Task instructions — What's needed is an exact copy of the lines from the one that contains "北四環(huán)線轉(zhuǎn)體橋梁施工前后" to the end of the data below, leaving the pictures out.

Data extracted from a collection:

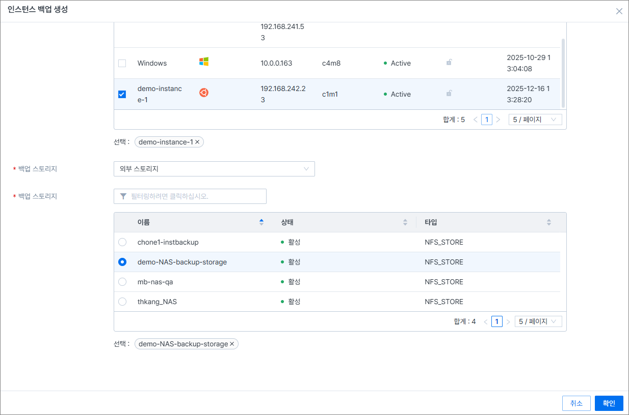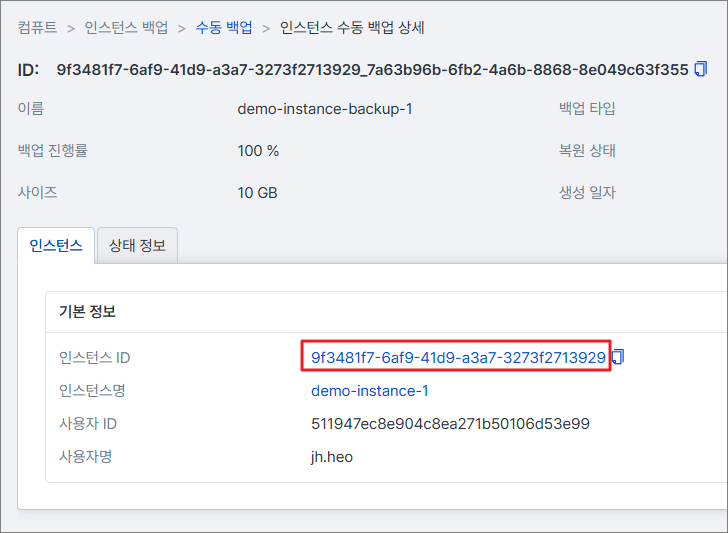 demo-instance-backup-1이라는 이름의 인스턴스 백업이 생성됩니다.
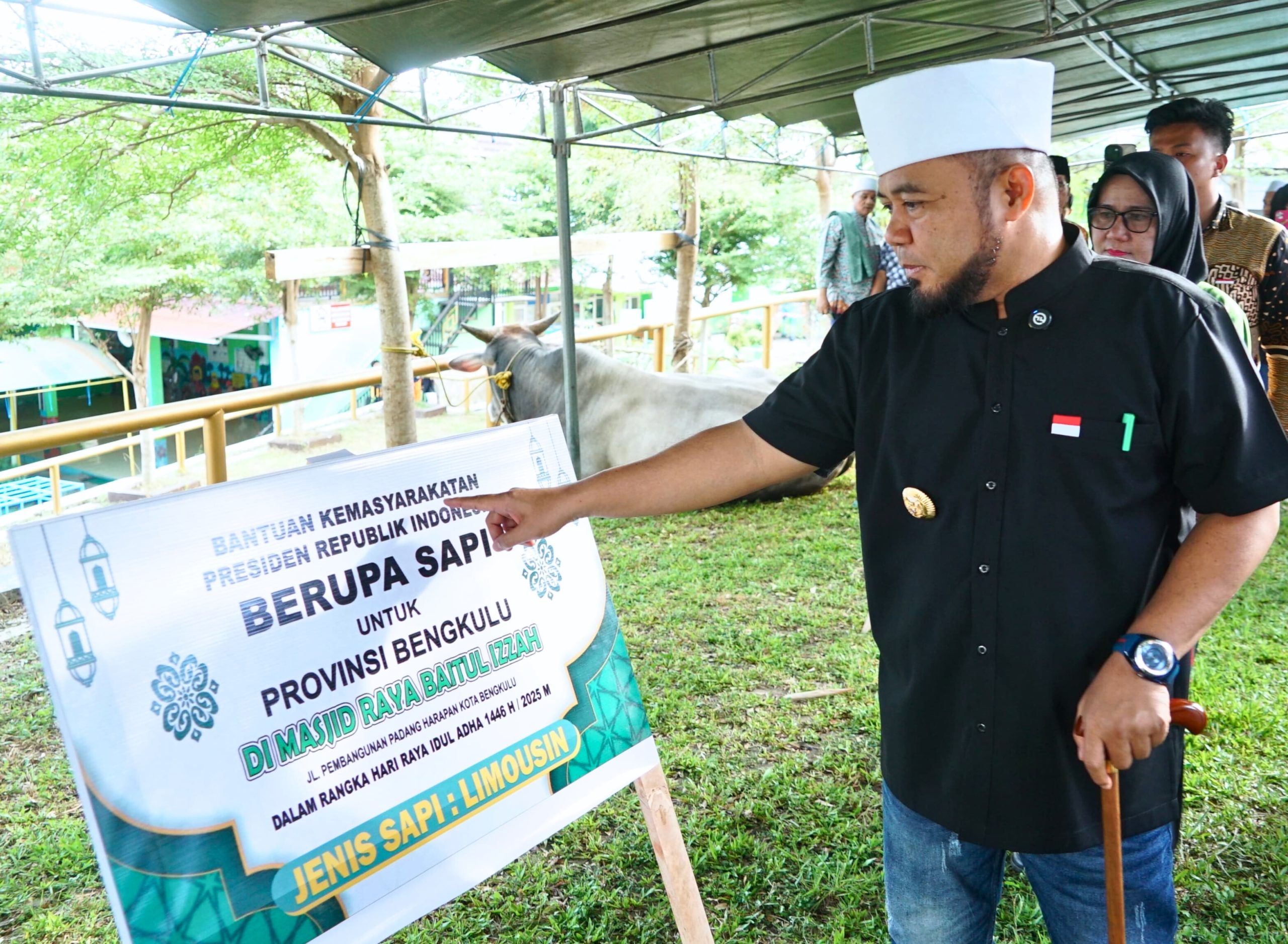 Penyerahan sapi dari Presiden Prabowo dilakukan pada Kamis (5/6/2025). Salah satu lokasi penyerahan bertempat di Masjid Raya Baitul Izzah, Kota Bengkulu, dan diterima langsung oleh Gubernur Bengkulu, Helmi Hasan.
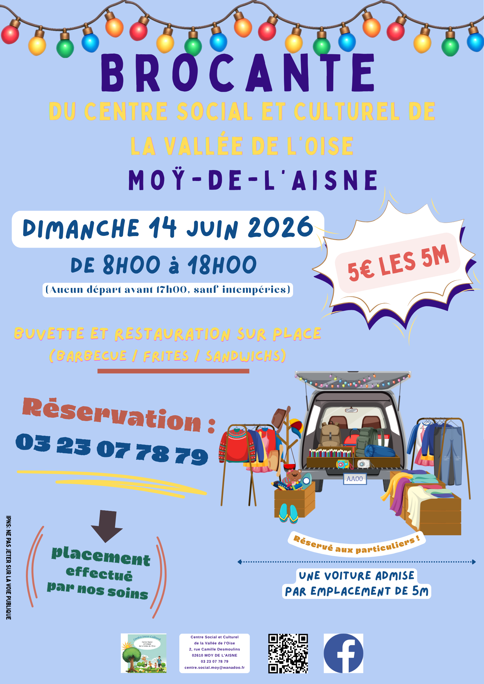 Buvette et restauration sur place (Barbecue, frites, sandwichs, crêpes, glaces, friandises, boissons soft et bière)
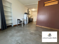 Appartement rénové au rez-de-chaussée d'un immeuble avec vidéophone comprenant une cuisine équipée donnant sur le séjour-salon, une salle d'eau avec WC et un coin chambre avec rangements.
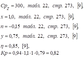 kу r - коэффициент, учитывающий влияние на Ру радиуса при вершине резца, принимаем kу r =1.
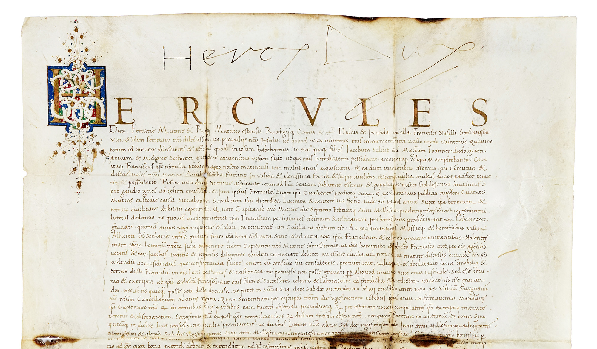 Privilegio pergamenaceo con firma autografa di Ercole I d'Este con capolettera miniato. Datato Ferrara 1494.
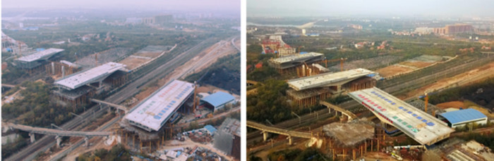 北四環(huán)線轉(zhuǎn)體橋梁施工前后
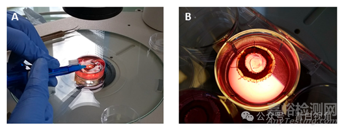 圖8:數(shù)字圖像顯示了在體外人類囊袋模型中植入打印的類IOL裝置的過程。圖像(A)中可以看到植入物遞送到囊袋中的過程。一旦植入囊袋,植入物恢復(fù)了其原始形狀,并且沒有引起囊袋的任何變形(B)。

Response box —
 北四環(huán)線轉(zhuǎn)體橋梁施工前后
 圖8:數(shù)字圖像顯示了在體外人類囊袋模型中植入打印的類IOL裝置的過程。圖像(A)中可以看到植入物遞送到囊袋中的過程。一旦植入囊袋,植入物恢復(fù)了其原始形狀,并且沒有引起囊袋的任何變形(B)。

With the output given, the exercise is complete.